As art creates more and more of an asset class, these independent satellite operations offer exhibition-worthy and highly curated presentations of emerging, overlooked and reconsidered artists, with “no corporate entities, no negatrons,” as SPAS’s Kelly puts it. Even the pioneering satellite operations have rejected the muddy commercial approach. As tells Jeffrey Lowman, founder of Untitled art fair in Miami, which began in 2005: “Untitled was founded because I saw an opportunity in the marketplace to create a fair that focused on artistic and curatorial integrity with the intent of innovating the traditional fair model to create a more interesting experience.”

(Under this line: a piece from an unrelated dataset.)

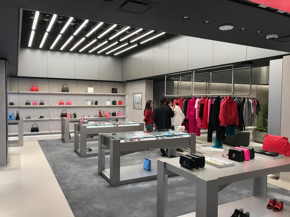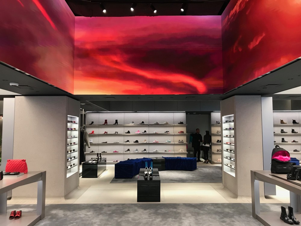southwest corner of 59th Street in Manhattan, represents creative director Demna Gvasalia‘s urban retail concept, which has an industrial spirit with touches of metal, concrete, and shades of gray. The public domain concept features a mix of elements from metropolitan exterior design and original artwork. Wraparound screens play videos of different types of skies. Hero products from the runway are displayed on hyper-realistic mannequins for maximum impact. Across one wall, the
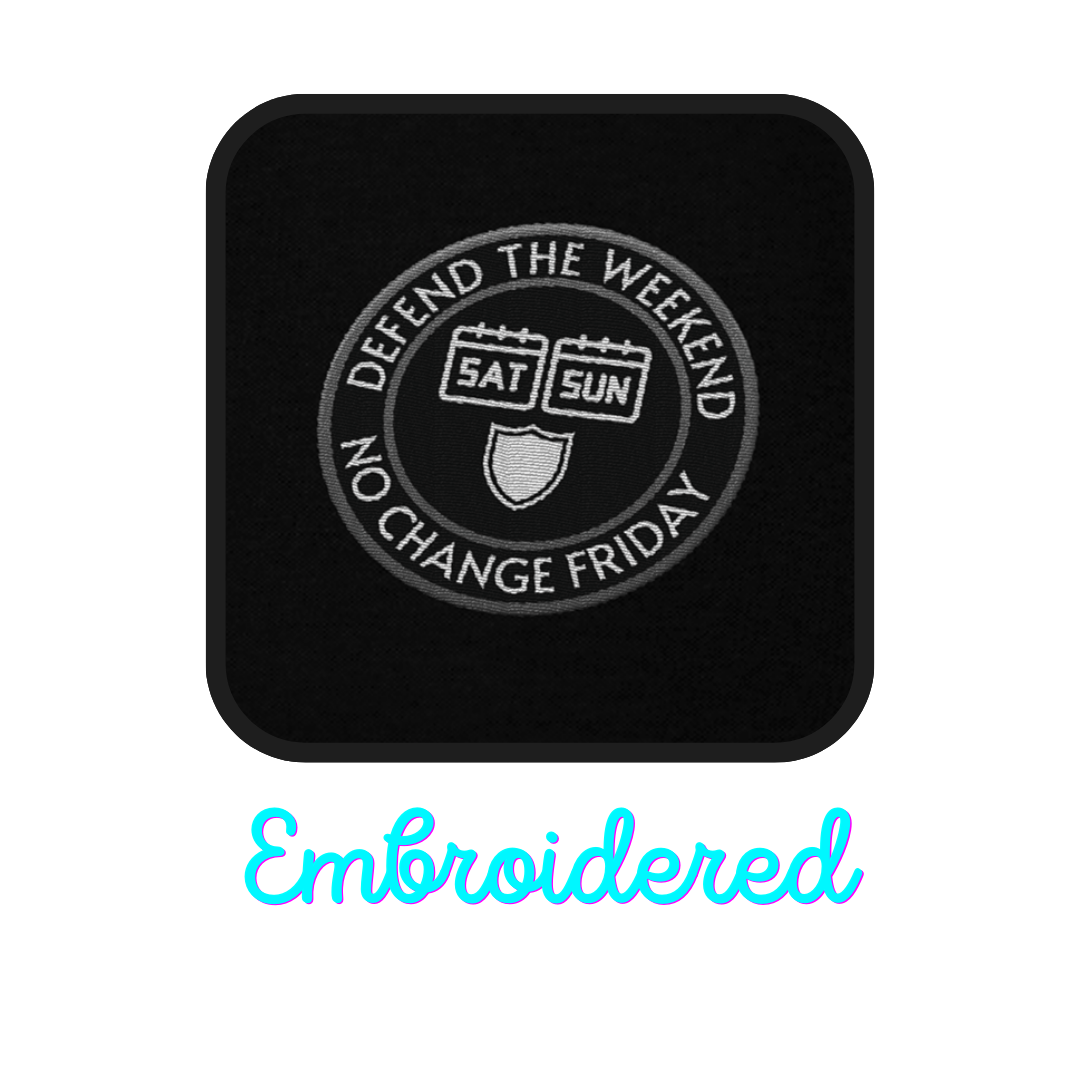 Clean, Tech-Savvy Design: "Defend the Weekend – No Change Friday" embroidery that resonates with the IT crowd

In an almost ironic twist of capitalism, for these independent acts the price of freedom is, in fact, less expensive. Operating at lower costs, a wider variety of artists can be featured in the fairs, while fostering a farther-reaching network. As gallerist and art fair creator Brett W. Schulz explains, “In Mexico City at that time, Zona Maco was the only fair. We had participated for three consecutive years in Maco’s New Proposals section, but it always felt to us like we were trying to fit a square peg into a round hole. At the price points we were managing, we could rarely sell enough work to break even and we felt like the context, size, and format of the fair were ultimately working against us. We weren’t even making helpful contacts. The entire experience just felt cold.” In turn, Schulz co-founded Material, soon entering in its fourth edition in February 2018. “Art fairs, when they’re done well, can create communities that continue to be felt and understood throughout the year,” he says, “We wanted a fair for our generation.”
More and more, these satellite fairs reject the straightforward sales approach and instead “offer the edge,” explains 1:54’s El Glaoui: “Satellite fairs remind us to challenge our perception of the art center, because the art world has many lively centers. We can instigate the changes we wish to see with a greater sense of vision and control.” What that often means, in cases such as SPAS or Material, is trading ideas and challenging convention through artworks that impose upon the art’s gambit. As Schulz says, “At the most basic, reductive level, the way I think about it is that if you want to see a lot of shiny, commercial, overpriced trophies, go to the big fair. If you believe in the transformative power of ideas, go to the independent fair.”